Unfälle im toten Winkel Kampf den Todeskreuzungen

Fahrradunfall 04.03.2014 Foto: Michael Gründel

Wie eine besonders unfallträchtige Kreuzung in Osnabrück zeigt, sind Spiegel kein Garant für Sicherheit. Abbiegeassistenten gelten als Hoffnungsträger.

Leben Radfahrer in Osnabrück gefährlicher als in anderen Städten? Diesen Eindruck bekommt man, wenn man sich mit dem Unfallgeschehen in der niedersächsischen Stadt in den vergangenen Jahren vertraut macht. Mehrere Radler starben bei Unfällen mit rechts abbiegenden Lkw. Fragwürdige Berühmtheit erlangte in dem Zusammenhang die Kreuzung Johannistorwall/Kommenderiestraße, an der bereits mehrfach Radfahrer von Lkw überrollt wurden. Die Kreuzung, an der allein 2014 zwei Radfahrer starben, trägt in Osnabrück den Beinamen Todeskreuzung.

Betroffenheit herrscht auch beim ortsansässigen Transport- und Logistikgewerbe. Es war voriges Jahr angetreten, solchen Unfällen dauerhaft einen Riegel vorzuschieben. Im März hatten sich mit diesem Ziel mehr als zwei Dutzend Unternehmen, darunter die Speditionen Hellmann, Meyer & Meyer und Serrahn zu einer Initiative zusammengeschlossen. Koordiniert wird sie von der IHK Osnabrück-Emsland-Grafschaft Bentheim, dem Gesamtverband Verkehrsgewerbe Niedersachsen (GVN) und dem Kompetenznetzwerk Individuallogistik (KNI).

Im Mai hatte die Initiative der Stadt 70 Konvexspiegel zur Verfügung gestellt, um die Kreuzungen für Lkw-Fahrer besser einsehbar zu machen. Ein halbes Jahr später die Ernüchterung: Auch ein Spiegel ist kein Garant für absolute Sicherheit. Denn ein sogenannter Trixi-Spiegel, der die Sicht auf Radfahrer und Fußgänger verbessern soll, hing auch unter einer der Ampeln an der Todeskreuzung. "Die Unfälle an der Ampel Kommenderiestraße sind schrecklich und haben mich insbesondere deshalb tief erschüttert, weil sie ausgerechnet an der Spiegel-Ampel passiert sind", schreibt Spediteur Siegfried Serrahn in einem Leserbrief an die Neue Osnabrücker Zeitung (NOZ).

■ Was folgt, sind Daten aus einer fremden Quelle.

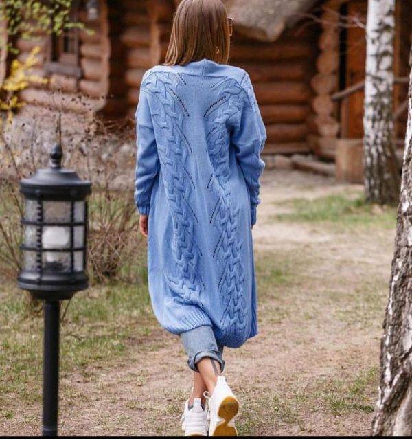 - жакет-кардиган имеет прямой, удлинённый фасон без воротника и лацканов. Такая вещь идеально подойдёт для тёплой весенней погоды;
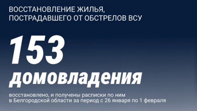 Вячеслав Гладков рассказал о восстановлении 153 пострадавших из-за атак ВСУ объектов в области. Губернатор проинформировал об этом в своём телеграм-канале.

Spiegel sind kein Allheilmittel

Das macht laut Serrahn eines deutlich: "Spiegel sind kein Allheilmittel", sagt er gegenüber trans aktuell. Daher macht er sich für die rasche Markteinführung von Abbiege-Assistenzsystemen stark. Daimler steht mit seinem Blind Spot Assistant kurz vor der Markteinführung. Und Serrahn geht davon aus, dass zur IAA Nutzfahrzeuge im September auch andere Hersteller wie Volvo, aber auch Zulieferer wie Continental oder Orlaco entsprechende Systeme präsentieren werden. 

Zwar betont der Unternehmer: "Auch Kamerasysteme sind kein Allheilmittel." Er wertet die Bemühungen der Fahrzeugindustrie trotzdem als großen Fortschritt und ist überzeugt, dass die Hersteller sich der Notwendigkeit dieser Systeme bewusst sind. Nicht umsonst habe Daimler die Funktionsweise des Abbiegeassistenten beim 2. Aktionstag Logistik vorigen September ausgerechnet in Osnabrück vorgestellt. Serrahn ist auch überzeugt, dass die Hersteller mit diesen Entwicklungen weltweit Impulse aussenden können.

Überhaupt ist es für den Spediteur wichtig, auf internationaler Ebene nach Lösungen zu suchen. So sehen es auch die Verantwortlichen im Bundesverkehrsministerium (BMVI). Es hat einen runden Tisch zum Thema Abbiegeassistent für Lkw ins Leben gerufen. Ferner hat das Ministerium ein entsprechendes Forschungsprojekt auf den Weg gebracht, um die Grundlagen für ein Testverfahren für diese Systeme festzulegen, wie es in einer Halbzeitbilanz zum Verkehrssicherheitsprogramm 2011 bis 2020 heißt. 

Systeme verpflichtend im Lkw?

Als Nächstes will das Ministerium nun im Rahmen der UN-Wirtschaftskommission für Europa (UN-ECE) das weitere Vorgehen im Umgang mit diesen Systemen beraten. Ein zentraler Punkt dabei: der möglicherweise verpflichtende Einbau dieser Systeme in Lkw. Dafür macht sich auch Spediteur Serrahn stark. Bis es so weit ist, ist er allerdings schon froh, wenn die Systeme überhaupt mal am Markt verfügbar sind. 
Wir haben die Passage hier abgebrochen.